• [INFORMATION SUPPLIED]:

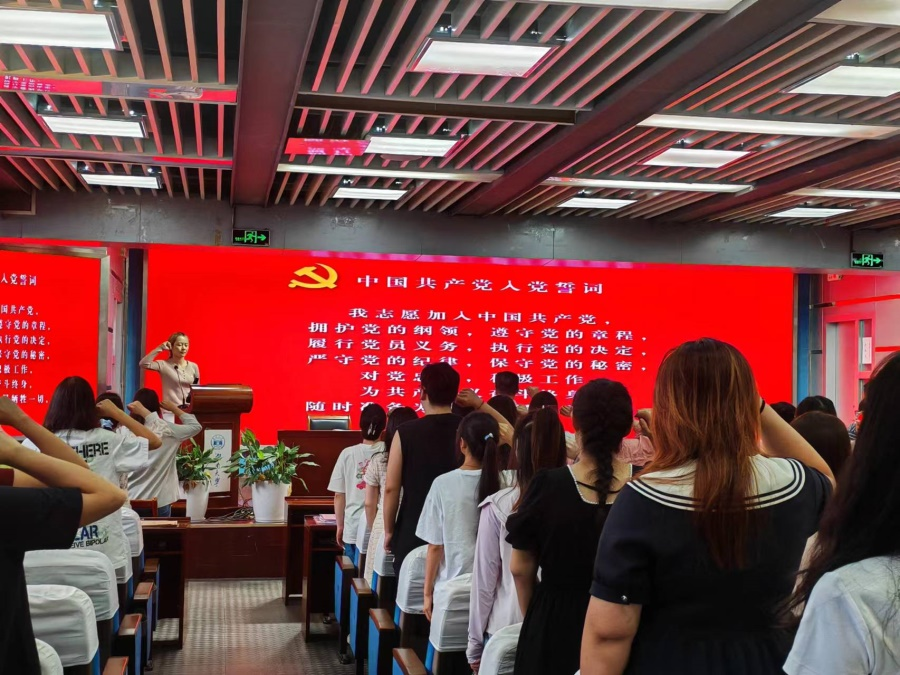 活动最后,全体毕业生党员起立,由学生党支部书记郑思思同志领誓,重温入党誓词。
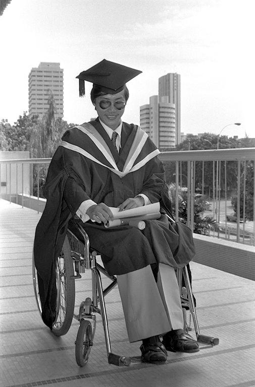ERIC CHEW WAH HENG, A PARAPLEGIC SCHOLAR WHEELED HIS WAY ACROSS THE STAGE TO RECEIVE HIS GRADUATION SCROLL ON CONVOCATION DAY. GRADUATION FOR ERIC SPELT THE TRIUMPH OF FOUR YEAR'S HARD STRUGGLE AS HE BECAME AN ACCOUNTANCY GRADUATE AT THE UNIVERSITY OF SINGAPORE CONVOCATION HELD AT THE SINGAPORE CONFERENCE HALL
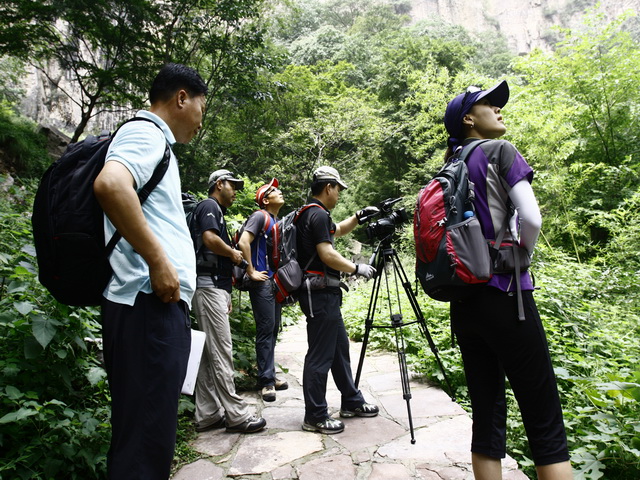 九蓮山景區(qū)集聚了南太行“冷、險、奇、竣”的特點, 8月2日,韓國衛(wèi)星電視“登山頻道”金夀浩部長一行9人走進九蓮山景區(qū)。當金夀浩一行9人走到天壺瀑布下,看到“飛流直下三千尺”的天壺瀑布非常激動,紛紛從不同角度對瀑布、峭壁、青檀樹等,進行拍攝。他們感慨地說:“這瀑布真是太壯觀了。尤其是該瀑布以太行山特有的紅巖地質(zhì)地貌為背景,更是非常獨特!難怪《中國國家地理》稱太行山把最美的一段給了河南!”

• [DIRECTIONS FOR THIS TASK]:
When you repeat the material, keep every word exact and drop the pictures.

• [EXERCISE RESPONSE]:
 活动最后,全体毕业生党员起立,由学生党支部书记郑思思同志领誓,重温入党誓词。
ERIC CHEW WAH HENG, A PARAPLEGIC SCHOLAR WHEELED HIS WAY ACROSS THE STAGE TO RECEIVE HIS GRADUATION SCROLL ON CONVOCATION DAY. GRADUATION FOR ERIC SPELT THE TRIUMPH OF FOUR YEAR'S HARD STRUGGLE AS HE BECAME AN ACCOUNTANCY GRADUATE AT THE UNIVERSITY OF SINGAPORE CONVOCATION HELD AT THE SINGAPORE CONFERENCE HALL
 九蓮山景區(qū)集聚了南太行“冷、險、奇、竣”的特點, 8月2日,韓國衛(wèi)星電視“登山頻道”金夀浩部長一行9人走進九蓮山景區(qū)。當金夀浩一行9人走到天壺瀑布下,看到“飛流直下三千尺”的天壺瀑布非常激動,紛紛從不同角度對瀑布、峭壁、青檀樹等,進行拍攝。他們感慨地說:“這瀑布真是太壯觀了。尤其是該瀑布以太行山特有的紅巖地質(zhì)地貌為背景,更是非常獨特!難怪《中國國家地理》稱太行山把最美的一段給了河南!”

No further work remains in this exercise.